Before you and your client make a decision, there are a few things you both should consider. Not every situation benefits from a letter from the buyer. There are times when a letter could actually hurt your client’s chances of landing their desired home, so it’s important to look at everything from an informed perspective. Your clients depend on you, their real estate agent, to provide that trusted advice. So, when should you send a buyer’s letter to the seller and when should you reconsider? Read on to find out.
Should Your Client Write a Homebuyer’s Letter to the Seller?
Writing a letter to the seller could be beneficial if there are multiple parties with a serious interest in the property. Adding a personal element could help your client stand out among many competitive offers. In a situation with competing offers, a buyer’s letter could make a big difference in determining which offers resonate with the sellers.
However, if there are no competitive offers made, a letter to the seller could give you less negotiating power because the sellers already know that your clients are set on the property.

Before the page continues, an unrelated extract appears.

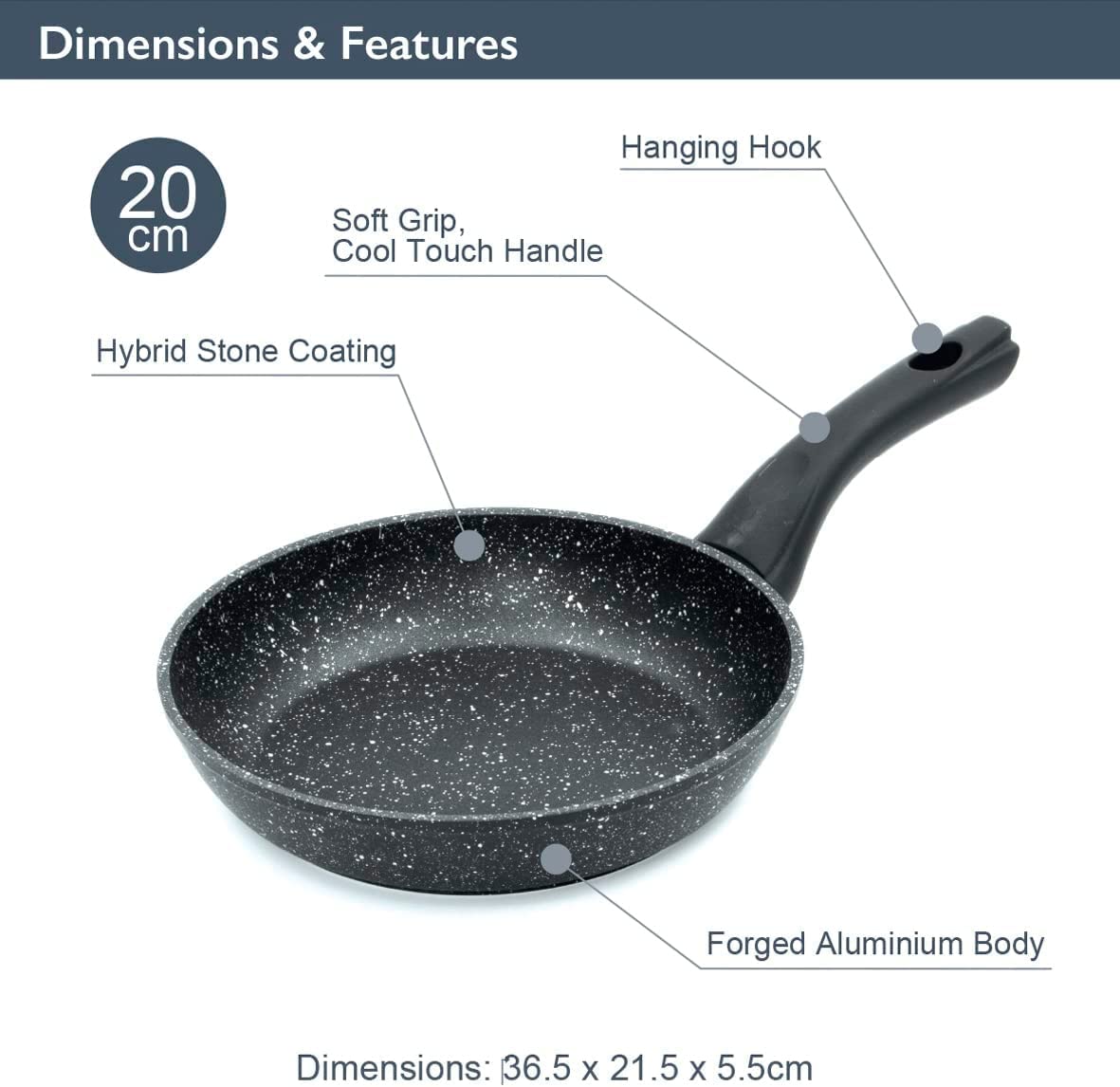 - NON-STICK COATING – The non stick frying pan features an innovative coating that will ensure an efficient release of foods from the pan at all times. The pan also features a forged aluminium base, and a hybrid stone coating that allows heat to conduct faster, and retains said heat for longer when in use.

In addition, the stress of the property hunt could lead your client to disclose information or beliefs that are too personal and could be a potential turn off to the buyer.
Disclosing your client’s family status and reasoning behind wanting to purchase the property could open the door to possible discrimination on behalf of the seller. Ultimately, it may be safer not to disclose information that could be used to discriminate against your client.
The seller’s real estate agent could even withhold the letter if it contains any information about your client’s status in protected classes under The Fair Housing Act. The seller’s agent wants to protect the seller against accusations of a Fair Housing Act violation in the case that your client’s offer is not accepted.
How to Write an Effective Buyer’s Letter to the Seller
If you’ve considered the pros and cons of writing a letter and decided that it could benefit your client to do so, follow these guidelines to ensure that it’s as effective as it can be.
1. Keep it short.
The most effective letters are to-the-point and carefully worded. A good tactic for keeping the letter short is asking your client to write a draft or two before settling on a final version. The first draft can be as long as they like, including all the information they think is important to mention.
Challenge them to shorten it in the second draft, while still retaining the essential information. The final version will come across much more polished and effective to the seller after going through a round or two of edits.
2. Build off of something you have in common.
If there is something that your clients have in common with the sellers, that’s a good starting point to build off of in the letter. For example, if you know that the property was the seller’s first home purchase, and your clients are also first-time buyers, that could strike a chord with the seller.
3. Be upbeat and positive.
Try to keep the letter upbeat and happy. In the letter, your clients should point out detailed and specific features of the home that they appreciate. The goal is to make the buyer feel like your clients don’t want to buy just any home in the neighborhood—they want this home. You want the seller to finish reading the letter and feel positive about the possibility of selling to your clients.
4. Leave out any information that might be oversharing.
If you suspect that some information might be too personal, it’s best to not include it. While some sellers might identify or sympathize with your clients, others may not. Or, the seller may not appreciate lengthy personal accounts in general. Since neither you nor your clients know the seller’s personally, try to limit the amount of personal information that you share with them.
5. Proofread it.
When your clients have a letter that they are happy with, give it one last look for any possible grammar or spelling errors. Ensuring that the letter is free of grammatical errors will present your clients in the best possible light.